Here's a few pics from the drags today in Baytown.
We got there late, but still enjoyed the action.
Mike


----------



## MT Stringer (May 21, 2004)

*More from the Drags...*

Some show stuff for ya.
Mike


----------



## drred4 (Aug 12, 2005)

ya'll need to come out next weekend, big race at HRP. Outlaw 10.5, true 10.5, Pro Mods, Pro Stock, and a few index classes. Will be the fastest cars in the world there.

Nice Pics, would have been fun to go to, but was busy.


----------



## MT Stringer (May 21, 2004)

Thanks for the note about the outlaw racing. I found out too late about it. We are going to McKinney to take part in a Tiger Shoot (with the camera, not guns!  ).
Mike


----------



## Arlon (Feb 8, 2005)

Darn, I wish I'd have known about that. I'd surely have had to go.. I'm a diesel fan myself. Just can't beat a diesel..


----------



## michaelbaranowski (May 24, 2004)

now that is a cool mower.


----------



## MT Stringer (May 21, 2004)

I have the pics from the diesel drag races uploaded to Smugmug so if you want to go to the drags, check out the link below.

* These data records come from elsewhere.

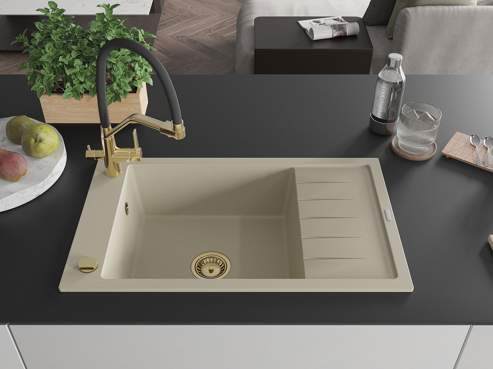Мивката е направена от висококачествен гранит. Това е елегантно и най -вече практично допълнение към всяка кухня, независимо от нейния стил. Висококачествената и гранитна издръжливост осигуряват много години употреба.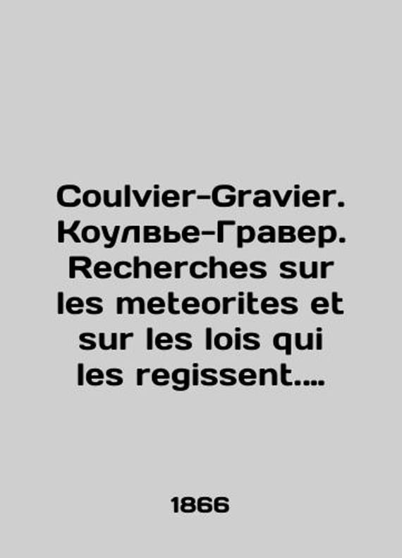 Coulvier-Gravier. Colvier-Graver. Recherches sur les meteorites et sur les lois qui les regisent. Research on meteorites and the laws that regulate them. In Russian (ask us if in doubt)/Coulvier-Gravier. Koulve-Graver. Recherches sur les meteorites et sur les lois qui les regissent. Issledovaniya meteoritov i zakonov kotorye ikh reguliruyut. Paris. Henri Plon imprimeur-editeur. Publishing House of Henri Plon 1866. XXXIV 2 372c. il. 7h.gr.il. Normal format 135x215 mm. SKUalb435a269dbb18fff3.
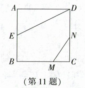 11. 如图,正方形ABCD的边长为8,$AE = EB$,$MN = 2\sqrt{5}$,线段MN的两端在CB、CD上滑动,当$CM = $

Note: Click on the Motorsports Gallery.
http://mtstringer.smugmug.com/

Drag racing, burnout contest, and truck pull.

Mike


----------



## rendon (Jul 15, 2006)

Those are great shots. Thanks for sharing them. I sure wished the hubby would have been off so we could have went.


----------



## my3peas (Jan 9, 2007)

cool shots mike!!


----------



## nasakid (May 21, 2004)

A couple of those Dodge diesels were at the Mopar Nationals in Baytown back in 2004. That was a site to see. One of them blew a Viper away. Ran in the low 11's, I believe.


----------